Quotes by Joel Greenblatt

“The secret to investing is to figure out the value of something – and then pay a lot less.”

“The more confidence I have in each one of my stock picks, the fewer companies I need to own in my portfolio to feel comfortable.”

“Remember, it’s the quality of your ideas not the quantity that will result in the big money.”

“The big picture is: the main thing you should be concerned about in the future are incremental returns on capital going forward. As it turns out, past history of a good return on capital is a good proxy for this but obviously not foolproof. I think this is an area where thoughtful analysis can add value to any simple ranking/screening strategy such as the magic formula. When doing in depth analysis of companies, I care very much about long term earnings power, not necessarily so much about the volatility of that earnings power but about my certainty of “normal” earnings power over time.”

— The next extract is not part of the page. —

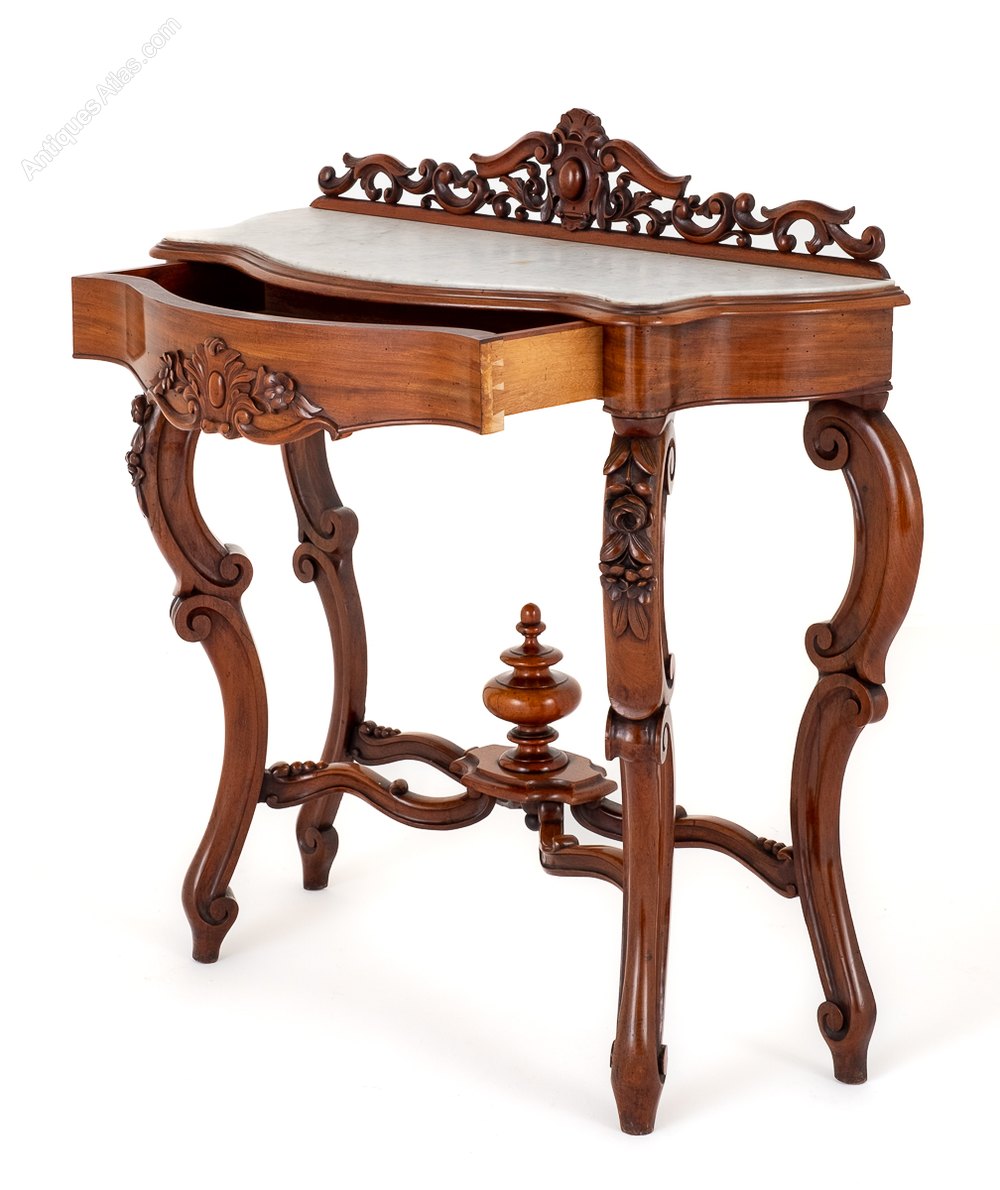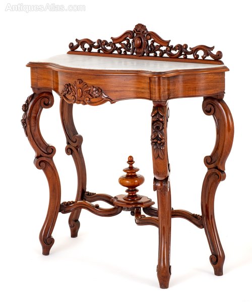 The Table Features a Marble Top and a Pretty Carved and Pierced Upstanding.

“Value investing strategies have worked for years and everyone’s known about them. They continue to work because it’s hard for people to do, for two main reasons. First, the companies that show up on the screens can be scary and not doing so well, so people find them difficult to buy. Second, there can be one-, two- or three-year periods when a strategy like this doesn’t work. Most people aren’t capable of sticking it out through that.”

“There’s a clarity that comes with great ideas: You can [easily and simply] explain why something’s a great business, how and why it’s cheap, why it’s cheap for temporary reasons and how, on a normal basis, it should be trading at a much higher level. You’re never sitting there on the 40th page of your spreadsheet, as Buffett would say, agonizing over whether you should buy or not.”

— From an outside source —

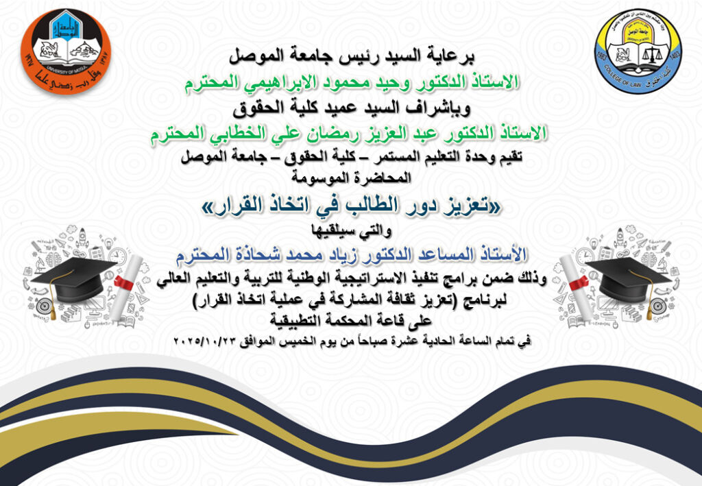 الندوة العلمية الموسومة ” الصحة النفسية في حالات الطوارئ الانسانية ” وبالتعاون مع دائرة صحة نينوى وذلك يوم الخميس الموافق 23/10/2025 الساعة العاشرة صباحاً في قاعة مبنى الرئاسة الجديد وذلك لاهمية هذا الجانب الارشادي والتعليمي في الجامعات والكليات

“So one way to create an attractive risk/reward situation is to limit downside risk severely by investing in situations that have a large margin of safety. The upside, while still difficult to quantify, will usually take care of itself. In other words, look down, not up, when making your initial investment decision. If you don’t lose money, most of the remaining alternatives are good ones.”

“I still believe that for good business analysts a concentrated portfolio is a good strategy combined with a long term horizon. Once again, the secret to success in following the formula strategy is patience, a quality in short supply for both professionals and individual investors alike. I think investors should have a large portion of their assets in equities over time.”